* _TASK OBJECTIVE_
Line by line, retype the material exactly and leave each picture out.

* _DATASET SECTION_
=-=-=
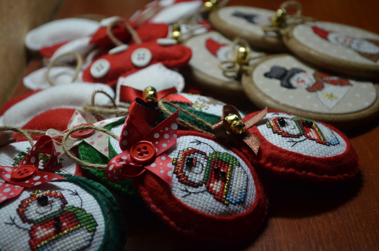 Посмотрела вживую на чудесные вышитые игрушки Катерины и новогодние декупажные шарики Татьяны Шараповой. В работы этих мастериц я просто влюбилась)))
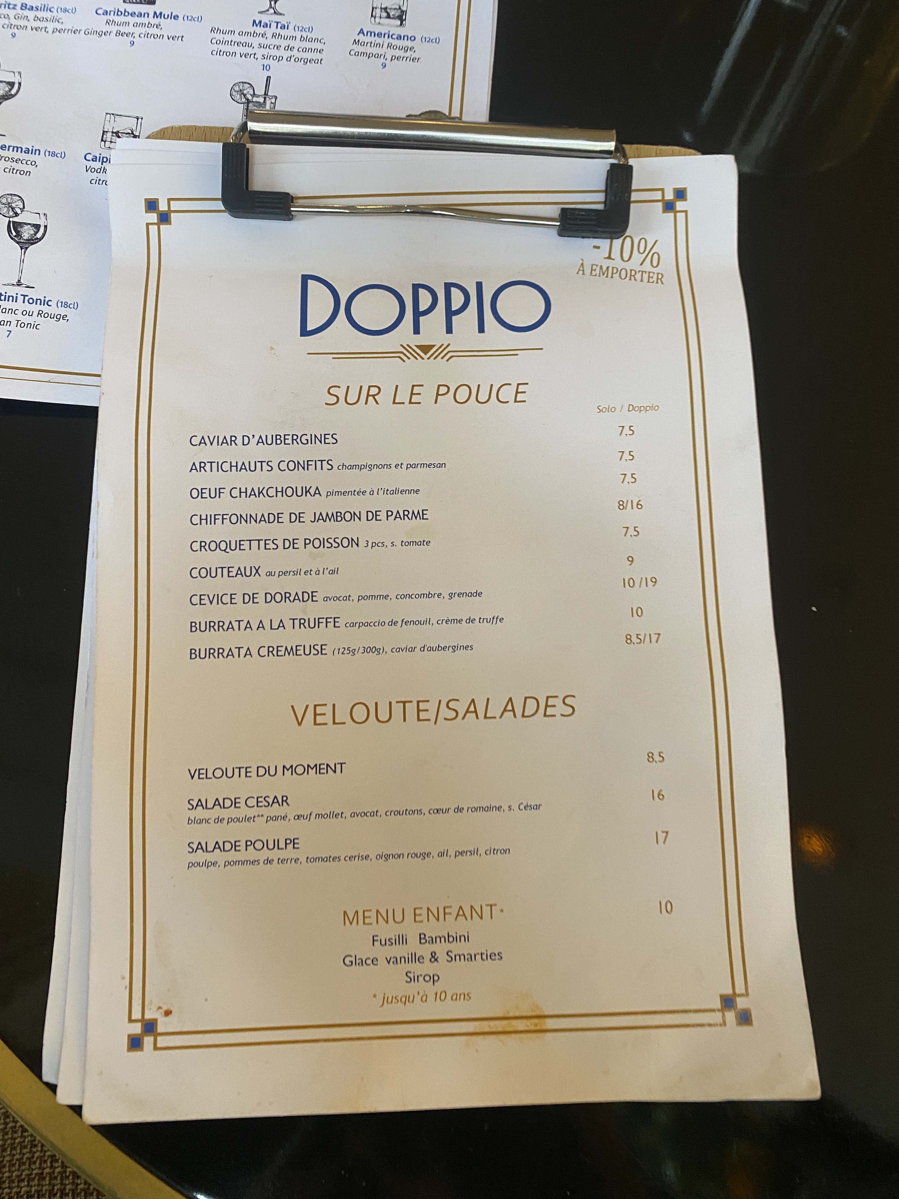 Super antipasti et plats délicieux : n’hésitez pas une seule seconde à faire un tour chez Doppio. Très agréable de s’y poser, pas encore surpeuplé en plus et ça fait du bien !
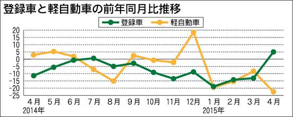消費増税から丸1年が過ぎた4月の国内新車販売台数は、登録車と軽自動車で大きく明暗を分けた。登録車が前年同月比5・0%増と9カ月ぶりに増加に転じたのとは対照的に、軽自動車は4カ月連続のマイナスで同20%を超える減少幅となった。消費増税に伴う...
=-=-=
* _SOLVED EXERCISE_
 Посмотрела вживую на чудесные вышитые игрушки Катерины и новогодние декупажные шарики Татьяны Шараповой. В работы этих мастериц я просто влюбилась)))
 Super antipasti et plats délicieux : n’hésitez pas une seule seconde à faire un tour chez Doppio. Très agréable de s’y poser, pas encore surpeuplé en plus et ça fait du bien !
消費増税から丸1年が過ぎた4月の国内新車販売台数は、登録車と軽自動車で大きく明暗を分けた。登録車が前年同月比5・0%増と9カ月ぶりに増加に転じたのとは対照的に、軽自動車は4カ月連続のマイナスで同20%を超える減少幅となった。消費増税に伴う...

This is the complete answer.